The United Kingdom remains one of the largest, most competitive markets in the world. It is a global centre of excellence across a wide range of business sectors as well as being a world-leader in higher education. The City of London, along with New York, continues to dominate international finance and UK-based legal firms retain their pre-eminence as global players.

Despite these massive positive factors, the UK faces a number of challenges going forward. How will the UK cope with a post-Brexit world as it navigates its way through the Brexit negotiations and looks to forge new partnerships outside it traditional markets within the EU? Will the UK be able to improve its notoriously poor productivity levels and will the City of London be able to retain its leadership role in global finance?

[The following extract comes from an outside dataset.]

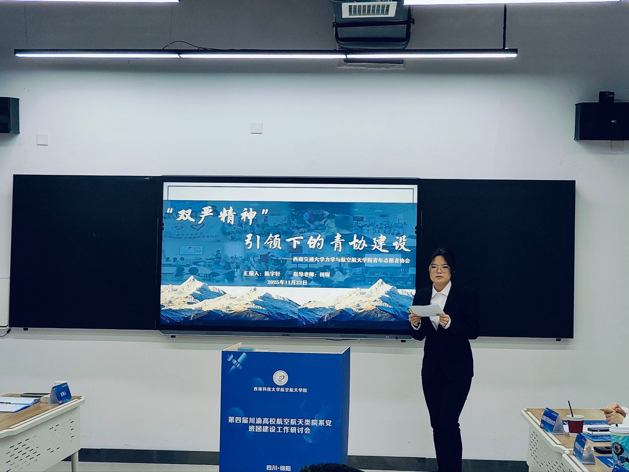 11月22日,第四届川渝高校航空航天类院系党班团建设工作研讨会在绵阳成功举办。本次会议由全国高校航空航天类院系大思政联盟、西南科技大学联合主办,西南科技大学航空航天学院党委具体承办,太阳成集团61999等10所高校航空航天类院系协同协办,以“汇聚川渝先锋力,赋能空天强国梦”为核心主题,聚焦党班团组织建设与“国防思政”“产教融合”的深度融合路径,为区域航空航天人才培养注入强劲动能。

All of these questions will be answered in the coming decade but in the intervening period the UK remains open for business and the prospects for doing successful business in the UK remain positive. The UK actively seeks overseas companies who see the country as an attractive market and world-class incentives are in place to help you take advantage of a sophisticated consumer base and a highly educated workforce.

If you are considering doing business in the UK, you need to consider the cultural issues you are likely to encounter. Put simply, the British are quick to take offence. Your communication style might be viewed as aggressive, when you thought you were merely being helpfully direct or your negotiating style could appear confrontational when you thought you were offering useful alternatives. Study the UK approach to business in advance – it will pay dividends.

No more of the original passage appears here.